[Start of Attachment]
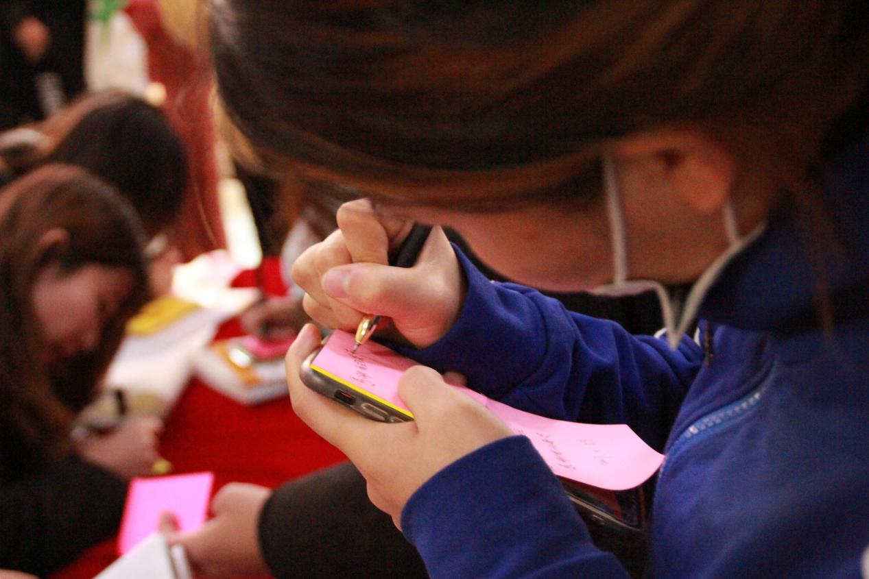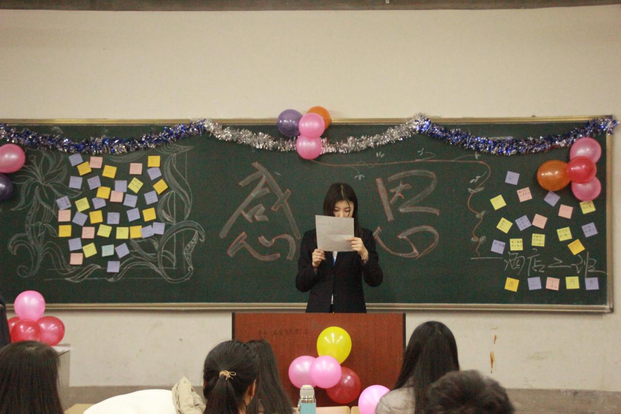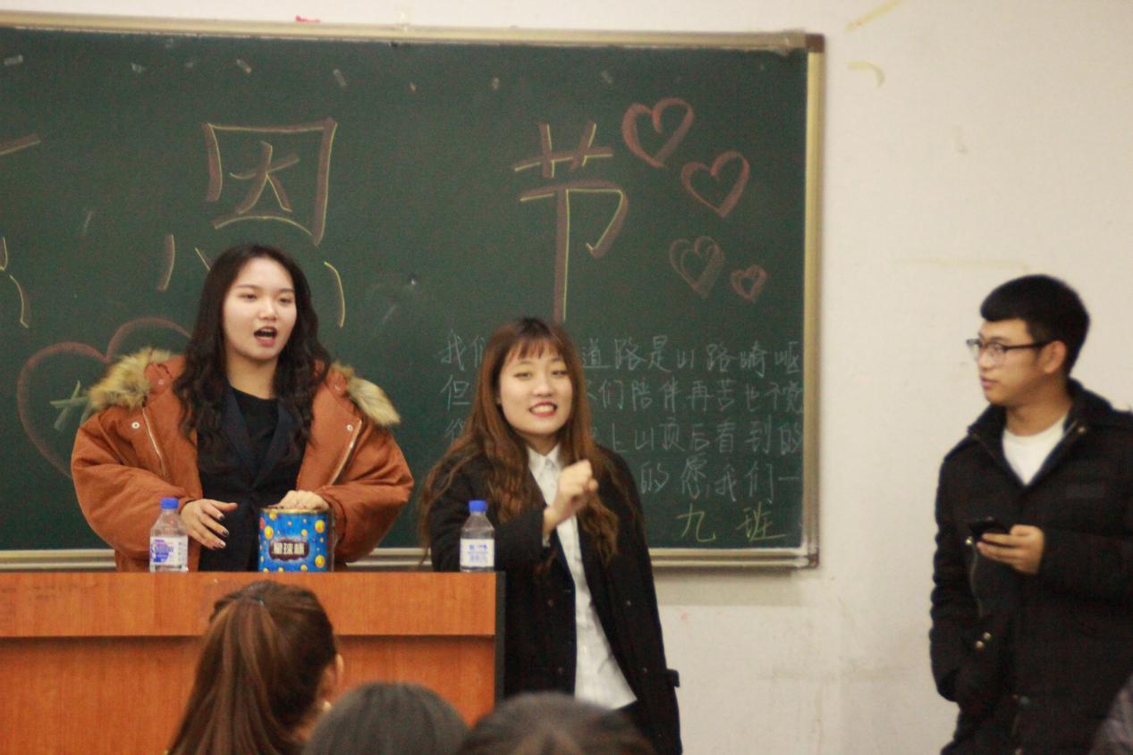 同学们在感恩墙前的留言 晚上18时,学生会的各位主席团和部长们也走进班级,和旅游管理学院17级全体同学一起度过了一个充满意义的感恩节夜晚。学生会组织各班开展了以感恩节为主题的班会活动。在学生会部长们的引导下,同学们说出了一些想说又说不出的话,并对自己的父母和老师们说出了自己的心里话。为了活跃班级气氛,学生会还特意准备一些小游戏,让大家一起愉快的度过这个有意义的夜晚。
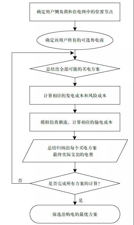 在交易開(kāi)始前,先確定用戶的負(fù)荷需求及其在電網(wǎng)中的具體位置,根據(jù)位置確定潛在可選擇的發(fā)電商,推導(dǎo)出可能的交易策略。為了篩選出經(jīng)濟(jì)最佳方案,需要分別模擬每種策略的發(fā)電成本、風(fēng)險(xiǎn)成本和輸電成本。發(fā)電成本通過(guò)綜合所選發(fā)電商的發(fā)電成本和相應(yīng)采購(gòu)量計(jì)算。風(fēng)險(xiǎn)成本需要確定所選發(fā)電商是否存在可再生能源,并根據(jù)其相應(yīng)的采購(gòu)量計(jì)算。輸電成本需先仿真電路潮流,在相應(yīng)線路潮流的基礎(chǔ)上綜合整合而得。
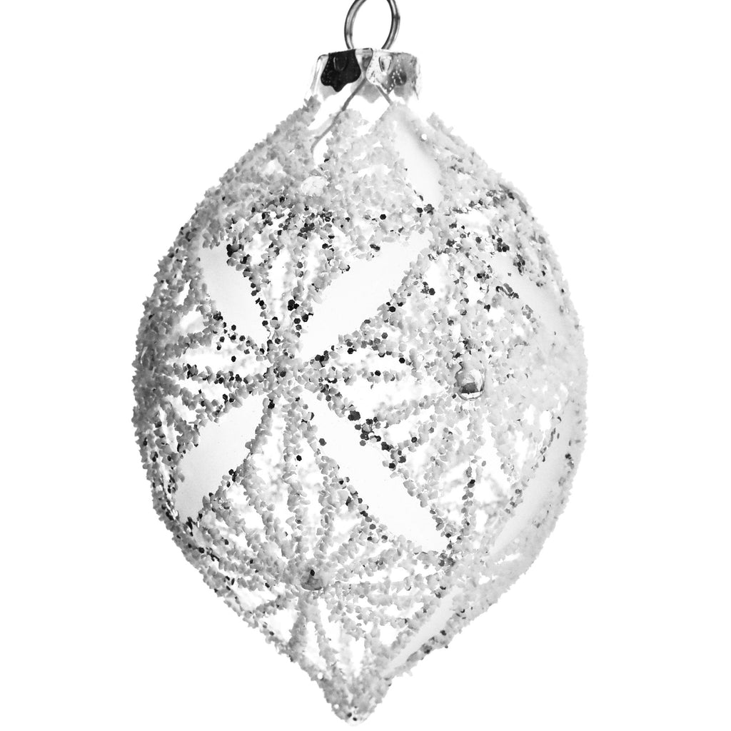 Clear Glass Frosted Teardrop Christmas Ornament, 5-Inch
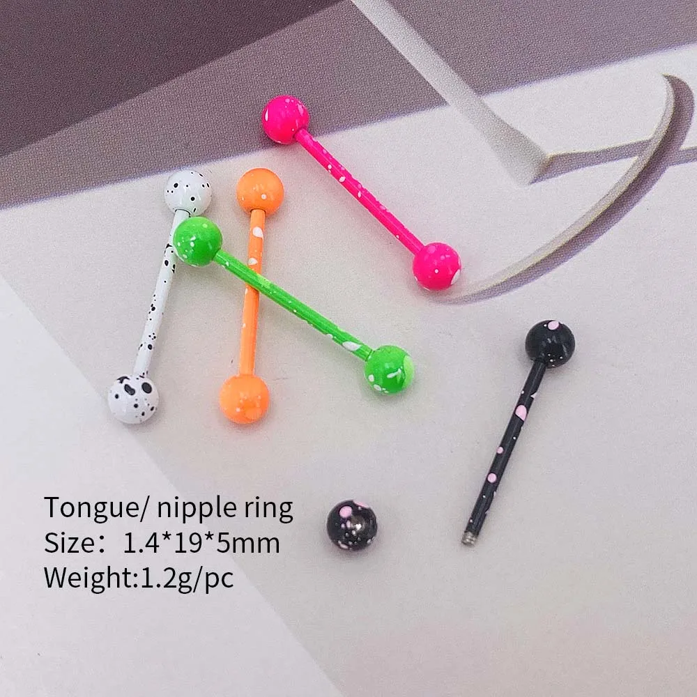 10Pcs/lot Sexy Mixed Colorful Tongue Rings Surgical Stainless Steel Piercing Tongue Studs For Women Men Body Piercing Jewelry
[End of Attachment]
[Start of Attachment]
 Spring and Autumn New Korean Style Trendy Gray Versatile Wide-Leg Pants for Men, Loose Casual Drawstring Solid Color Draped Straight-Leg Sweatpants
[End of Attachment]
[Start of Attachment]
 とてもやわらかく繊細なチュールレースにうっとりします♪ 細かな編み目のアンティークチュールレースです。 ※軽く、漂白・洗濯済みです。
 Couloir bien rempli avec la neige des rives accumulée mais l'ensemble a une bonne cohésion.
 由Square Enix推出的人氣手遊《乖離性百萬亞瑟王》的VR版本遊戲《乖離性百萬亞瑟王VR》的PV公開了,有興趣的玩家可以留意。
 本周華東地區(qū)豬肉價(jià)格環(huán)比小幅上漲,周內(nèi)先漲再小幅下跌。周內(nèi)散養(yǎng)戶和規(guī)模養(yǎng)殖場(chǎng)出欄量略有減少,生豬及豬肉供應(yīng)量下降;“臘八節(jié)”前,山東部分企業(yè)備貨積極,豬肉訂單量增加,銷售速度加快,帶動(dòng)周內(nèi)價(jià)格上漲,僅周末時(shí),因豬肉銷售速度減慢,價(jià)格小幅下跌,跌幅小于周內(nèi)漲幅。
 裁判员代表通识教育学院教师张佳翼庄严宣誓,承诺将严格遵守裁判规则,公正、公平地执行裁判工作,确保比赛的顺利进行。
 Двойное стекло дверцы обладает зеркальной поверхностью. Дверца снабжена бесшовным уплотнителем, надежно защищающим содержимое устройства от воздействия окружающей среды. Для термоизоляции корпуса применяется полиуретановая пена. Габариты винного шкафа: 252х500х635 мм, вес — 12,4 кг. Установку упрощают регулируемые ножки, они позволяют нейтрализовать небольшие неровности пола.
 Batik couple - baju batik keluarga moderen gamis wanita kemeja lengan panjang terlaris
[End of Attachment]
== Task goal ==
Look above for the line with "同学们在感恩墙前的留言 晚上" and the line with "10Pcs/lot Sexy Mixed". Output those two and everything between them exactly, pictures excluded.

== Answer to the problem ==
 同学们在感恩墙前的留言 晚上18时,学生会的各位主席团和部长们也走进班级,和旅游管理学院17级全体同学一起度过了一个充满意义的感恩节夜晚。学生会组织各班开展了以感恩节为主题的班会活动。在学生会部长们的引导下,同学们说出了一些想说又说不出的话,并对自己的父母和老师们说出了自己的心里话。为了活跃班级气氛,学生会还特意准备一些小游戏,让大家一起愉快的度过这个有意义的夜晚。
 在交易開(kāi)始前,先確定用戶的負(fù)荷需求及其在電網(wǎng)中的具體位置,根據(jù)位置確定潛在可選擇的發(fā)電商,推導(dǎo)出可能的交易策略。為了篩選出經(jīng)濟(jì)最佳方案,需要分別模擬每種策略的發(fā)電成本、風(fēng)險(xiǎn)成本和輸電成本。發(fā)電成本通過(guò)綜合所選發(fā)電商的發(fā)電成本和相應(yīng)采購(gòu)量計(jì)算。風(fēng)險(xiǎn)成本需要確定所選發(fā)電商是否存在可再生能源,并根據(jù)其相應(yīng)的采購(gòu)量計(jì)算。輸電成本需先仿真電路潮流,在相應(yīng)線路潮流的基礎(chǔ)上綜合整合而得。
 Clear Glass Frosted Teardrop Christmas Ornament, 5-Inch
 10Pcs/lot Sexy Mixed Colorful Tongue Rings Surgical Stainless Steel Piercing Tongue Studs For Women Men Body Piercing Jewelry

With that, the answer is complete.